In the listing beneath this line, copy exactly the lines starting with the one containing "Уч-ки.(один из учеников)" and going on through the one containing "Fancy Yellow And".

:: Data supplied

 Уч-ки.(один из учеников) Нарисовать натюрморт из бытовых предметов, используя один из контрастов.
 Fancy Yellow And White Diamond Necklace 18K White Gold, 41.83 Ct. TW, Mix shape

::::
:: Data supplied

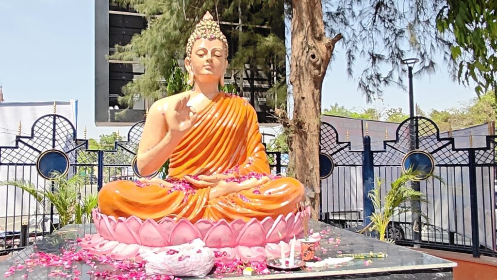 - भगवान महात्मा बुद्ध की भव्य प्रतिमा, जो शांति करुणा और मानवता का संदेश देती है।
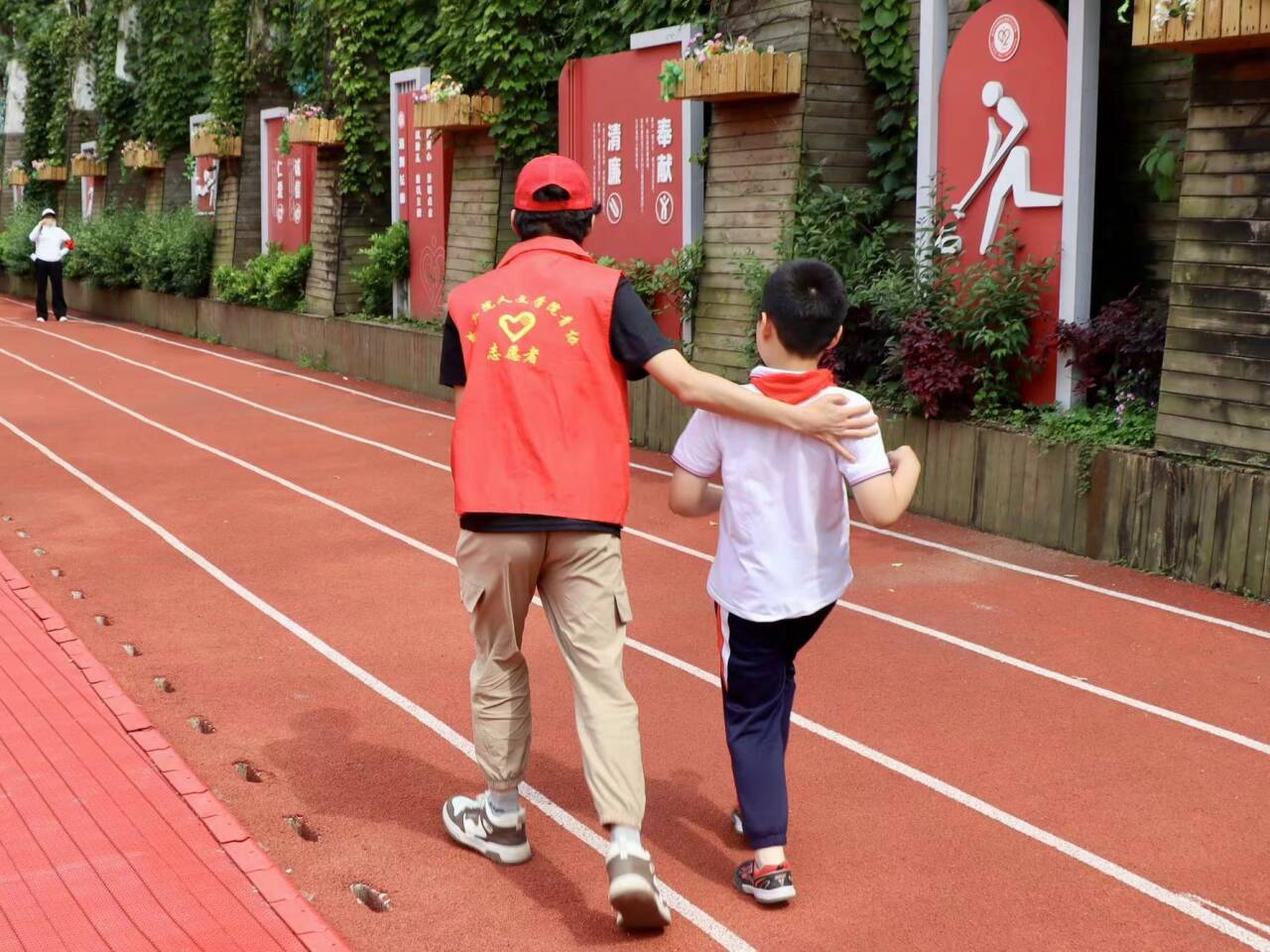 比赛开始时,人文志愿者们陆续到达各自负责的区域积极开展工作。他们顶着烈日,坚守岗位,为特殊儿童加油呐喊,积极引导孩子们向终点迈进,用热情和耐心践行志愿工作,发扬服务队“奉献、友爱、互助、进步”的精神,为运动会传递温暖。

::::

▶ Answer area
 Уч-ки.(один из учеников) Нарисовать натюрморт из бытовых предметов, используя один из контрастов.
 Fancy Yellow And White Diamond Necklace 18K White Gold, 41.83 Ct. TW, Mix shape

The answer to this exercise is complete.